Why not allow other date formats?

The ISO 8601 standard is complex, and there seems little value in requiring clients to deal with that. The standard library datetime module provides methods to parse ISO 8601 strings, but it is possible that users may want to access index data without using Python (for example, piping the output of curl into jq). Having a single, well-defined format makes this easier, and doesn’t have any significant disadvantages.

What if file sizes are too big for a JSON number?

The JSON standard does not specify how numbers are to be interpreted. Python can read and write arbitrary-length integers in a JSON file, so this should not be an issue for code written in Python. Non-Python implementations may need to take care to handle large integers correctly, but this is not expected to be a significant problem.

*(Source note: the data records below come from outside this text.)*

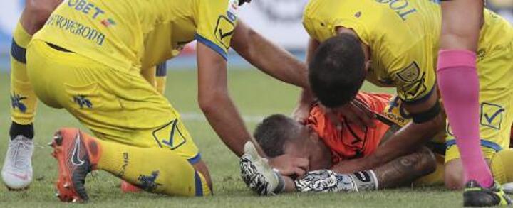 The shot-stopper seemed to be knocked unconscious for a moment in the final minutes of the Serie A opener at the Stadio Bentegodi.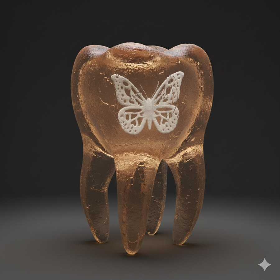 Придумав центральный образ серии предметов (а именно полупрозрачный зуб), я начала разрабатывать идею в Gemini, используя референсы и промпт «{ „action“: „image_generation“, „action_input“: „An irregular, anatomically accurate, and slightly 'ugly' human molar tooth shaped vase. The vase is made of translucent, heavy frosted glass with a rough, matte, and pitted texture. Inside the thick glass walls of the tooth, a small, detailed butterfly is suspended and preserved, similar to an insect trapped in amber. The shape is crooked and imperfect, featuring long, uneven roots that act as the base. The lighting is moody and raw, highlighting the grunge-style imperfections and internal entrapment. No text.“ }v».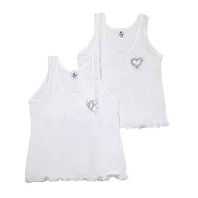 Маечка для девочки, укороченная, белого цвета, из эластичного, х/б трикотажа. Прямой силуэт. Широкие бретели отделаны эластичным, атласным кантом. Украшена принтом из цветных страз. Низ маечки с волнистым краем.
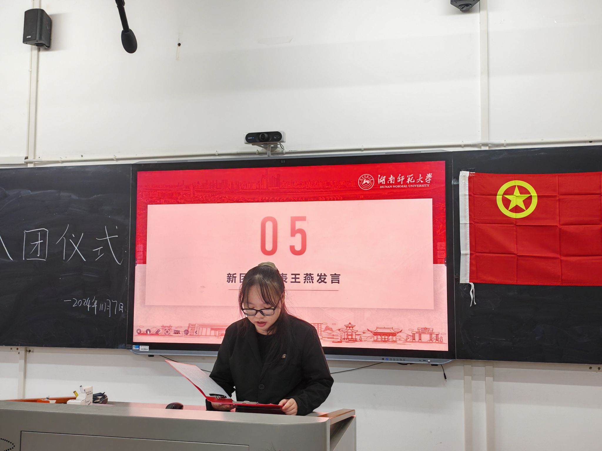 会议伊始,全体肃立奏唱国歌。陈秋潭宣布2024年新发展团员名单,新团员们依次上台,孙文涛与组织部负责人潘莎莎为新发展团员颁发团员证、佩戴团徽。宣誓环节,由新发展团员王燕领誓,新团员们面向团旗立正,举起右手并握拳,齐声跟读誓词。2205班王燕和2302班刘甜果分别作为新团员代表和优秀团员代表发言,她们表示今后将发挥团员的模范带头作用,在担当中历练,在尽责中成长,在新时代的广阔天地中施展抱负、顽强拼搏,为早日成为国家栋梁之材而奋发图强。孙文涛讲授主题团课,带领同学们深入了解共青团,他指出共青团是党的助手和后备军,要肩负起新时代新征程党赋予的使命任务,希望广大团员牢记入团誓词,坚定理想信念,做堪当民族复兴重任的奋斗者。入团仪式在全体新老团员齐唱团歌中落幕。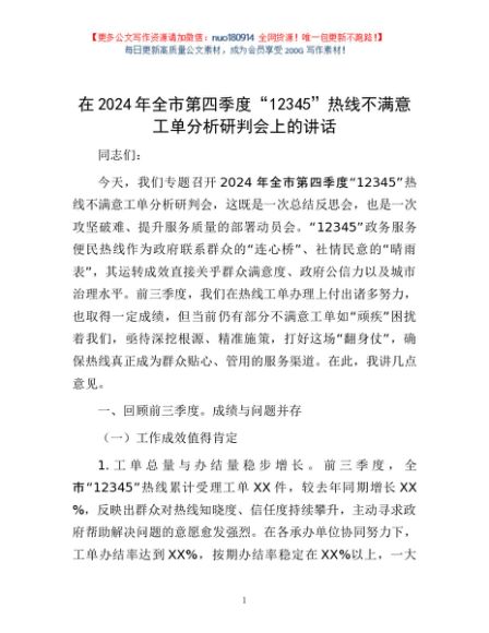 / 在2024年全市第四季度“12345”热线不满意工单分析研判会上的讲话
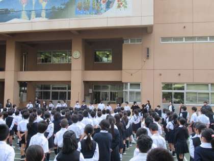 今日の全校朝会の校長先生のお話は、周年行事で歌う記念歌「未来に向かって」についてのお話でした。
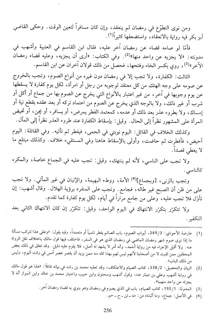 الثالث: الكفارة، ولا تجب إلا في رمضان دون غيره من أنواع الصوم، وتجب بالخروج عن صومه على وجه الهتك من كل معتقد لوجوبه من رجل أو امرأة، لكل يوم كفارة لا يسقطها عن ويم وجوبها في آخر، من غير اعتبار بالأنواع التي يخرج عن الصوم بها من جماع أو أكل أو شرب أو غر ذلك، ولا بالوجهة الذي يخرج عن الصوم من اعتماد تركه أو بعد عقده بقطع نية أو إمساك، ولا بطروء عذر بعد ذلك أو عدمه، كمعتمد الفطر يمرض، أو يسافر، أو يجن، أو تحيض المرأة على المشهور نظرا إلى الحال شيء وقيل: بإسقاط الكفارة عند طروء العذر نظرا إلى المآل.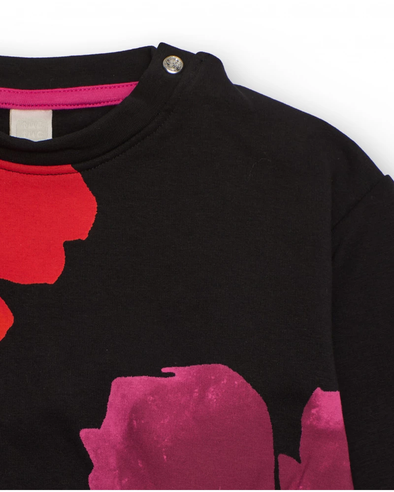 Η TUC TUC μπλούζα φούτερ σε μαύρη απόχρωση ξεχωρίζει με τα εντυπωσιακά μεγάλα λουλούδια σε κόκκινους και φούξια τόνους, που χαρίζουν ζωντάνια και στυλ. Με απαλή υφή και άνετη εφαρμογή, είναι ιδανική για καθημερινές εμφανίσεις αλλά και πιο ιδιαίτερες στιγμές. Ένα κομμάτι που συνδυάζει κομψότητα και παιχνιδιάρικη διάθεση, δίνοντας στο παιδικό ντύσιμο μια ξεχωριστή πινελιά. 🌸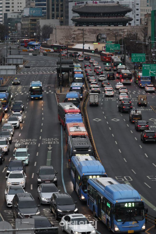 노사 임금협상 결렬로 파업에 들어갔던 서울 시내버스가 협상 타결되면서 운행을 재개한 15일 오전 서울역에서 시내버스가 이동하고 있다.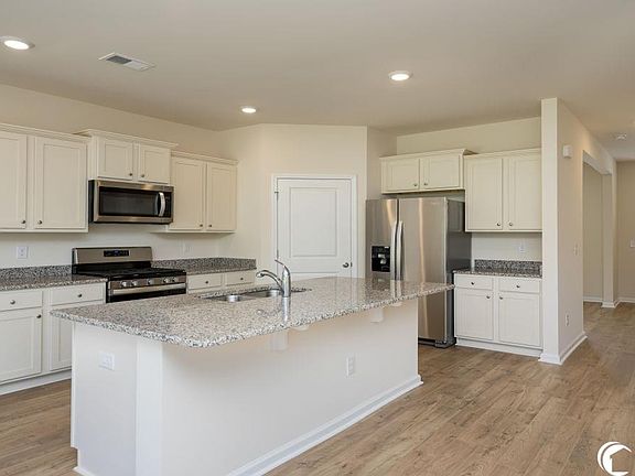 The Elle floor plan offers plenty of space with room to grow. Featuring a first floor primary bedroom suite with generous bath, walk-in closet, and linen closet. The kitchen boasts a large island with breakfast bar and opens to the casual dining area and spacious living room. Granite countertops, 36" painted cabinetry, stainless appliances, and beautiful laminate wood flooring throughout the main living areas all included! There is also a wonderful flex space on the main level that could be a dedicated home office or a formal dining room. Sliding glass doors off the dining area leads to the rear covered porch for added outdoor living space. Upstairs offers large secondary bedrooms plus an expansive secondary living area. It gets better- this is America's Smart Home! Control the thermostat, front door light and lock, and video doorbell from your smartphone or with voice commands to Alexa. Tankless gas water heater and a two-car garage with garage door opener also included. *Photos are of a similar Elle home. (Home and community information, including pricing, included features, terms, availability and amenities, are subject to change prior to sale at any time without notice or obligation. Square footages are approximate. Pictures, photographs, colors, features, and sizes are for illustration purposes only and will vary from the homes as built. Equal housing opportunity builder.)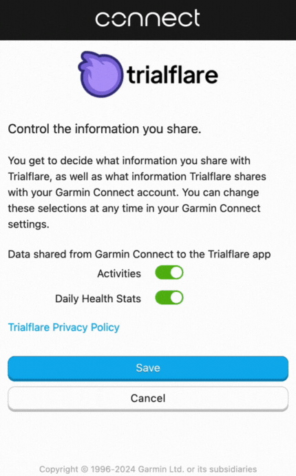 Once the participant has logged into their Garmin Connect account, they will be asked to agree to link this to Trialflare to collect data.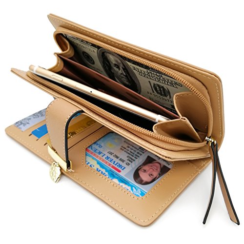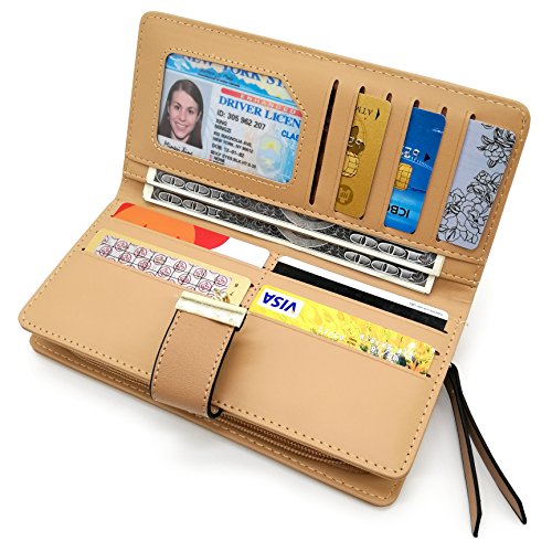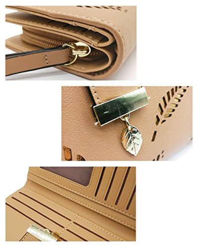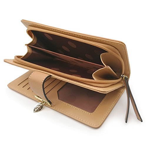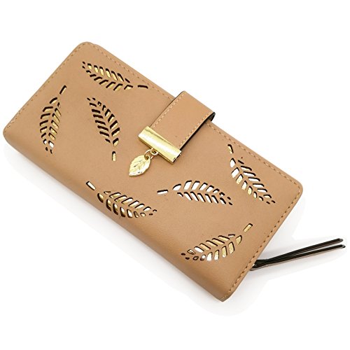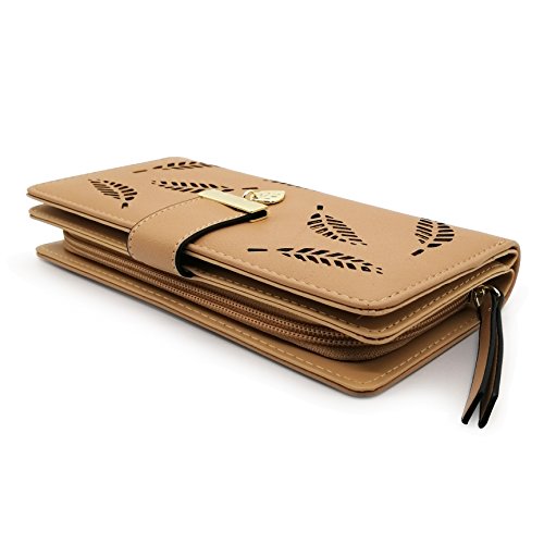 Vodiu Women's Long Leaf Wallet Leather Card Coin Holder Bifold Zipper Clutch Purse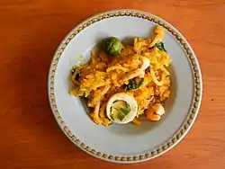 - Singapore-style noodles – stir-fried cooked rice vermicelli, curry powder, vegetables, scrambled eggs and meat, most commonly chicken, beef, char siu pork, or prawns, yellow in colour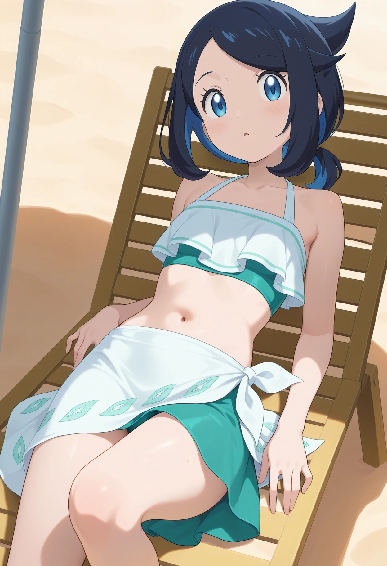 aaliko, short hair, black hair, colored inner hair, short ponytail, blue eyes, collarbone, swimsuit, white bikini, sarong, bikini skirt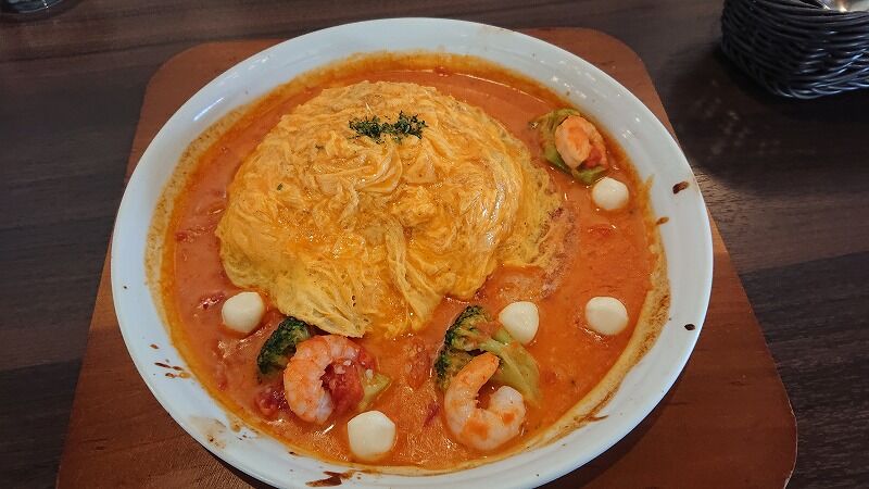 okarieは、海老とモッツァレラチーズのトマトクリームオムライスドリア![]()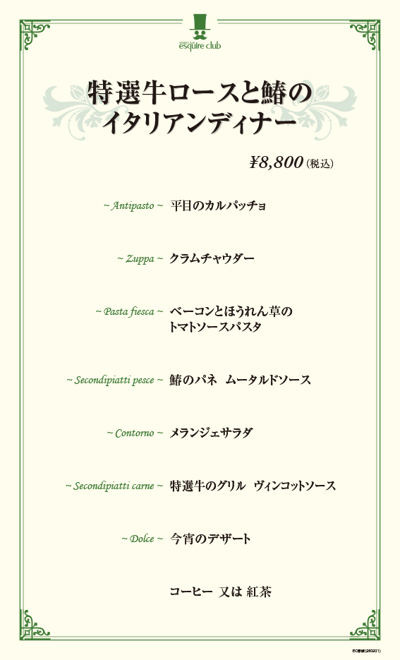 《特選牛ロースと鰆のイタリアンディナー》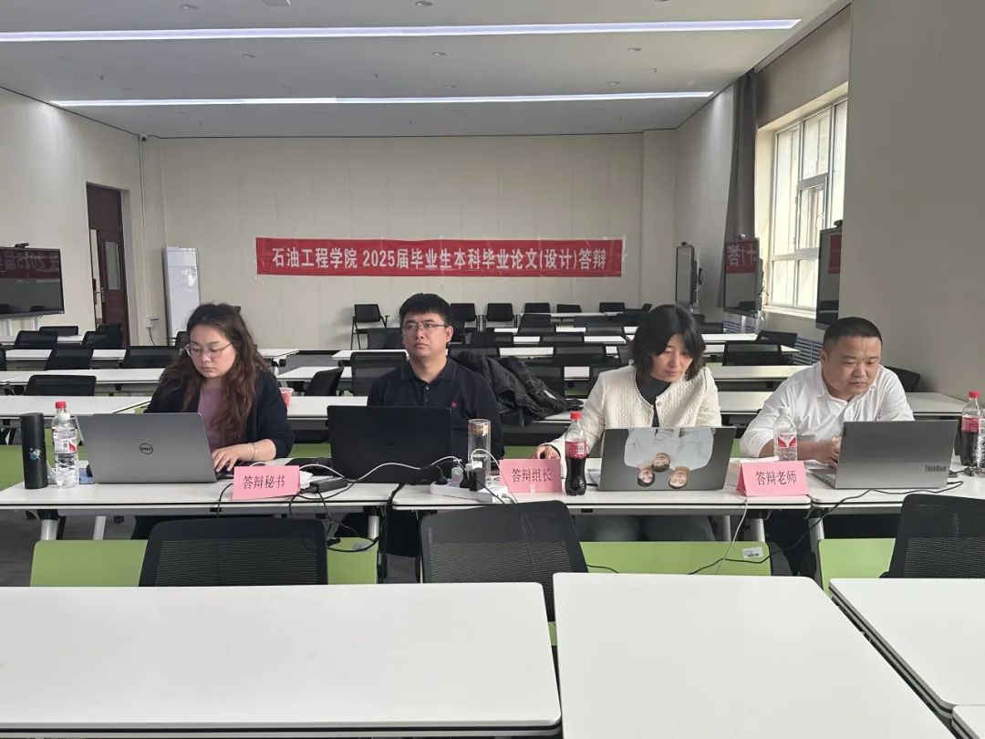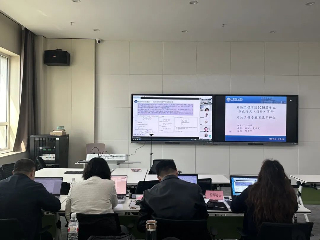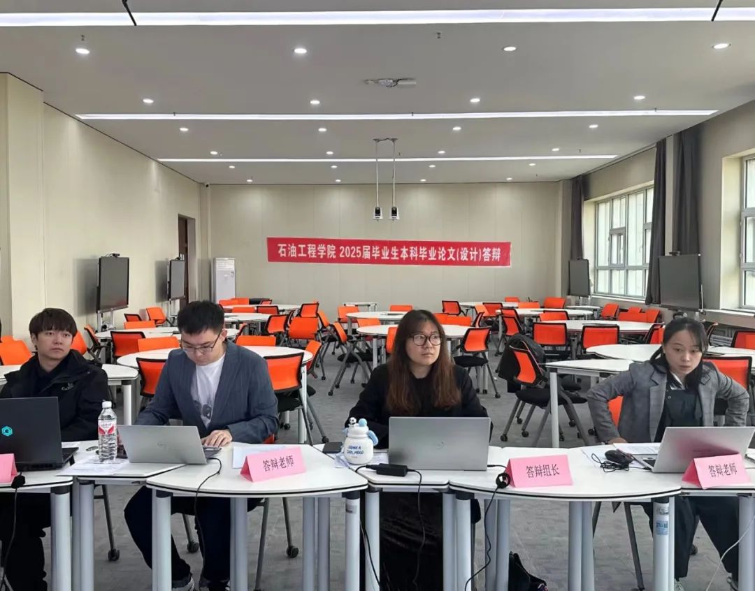 本次答辩由我院28位专兼职老师组成石油工程专业、油气储运工程专业,共计7个答辩组。答辩工作采用答辩组教师线下统一地点、学生“线上网络直播答辩+线下返校现场答辩”相结合的形式进行,共有3名学生返校参加线下现场答辩。

Why not require PEP 440 versions?

At the time this PEP was written, PyPI still contains (and serves) projects and files with “legacy” versions. Requiring PEP 440 versions would make it impossible for PyPI to follow this specification while still serving the existing content.

Ideally, at some future time, the simple index API will be updated to require PEP 440 versions, at which time this specification should be updated to reflect that. However, that change will need to be co-ordinated with existing index providers including PyPI, to desupport and remove non-conforming projects and/or files.

Why not provide a “latest version” value?

For PEP 440 versions, this is easy enough for the client to do (using the packaging library, latest = max(Version(s) for s in proj["versions"])). For non-standard versions, there is no well-defined ordering, and clients will need to decide on what rule is appropriate for their needs. Requiring the server to supply a latest version value takes the choice away from the client.

Servers with an explicit concept of which version is the “latest”, which cannot be calculated from data available to the client, can provide a non-standard, underscore-prefixed key to convey that information to the client if they wish.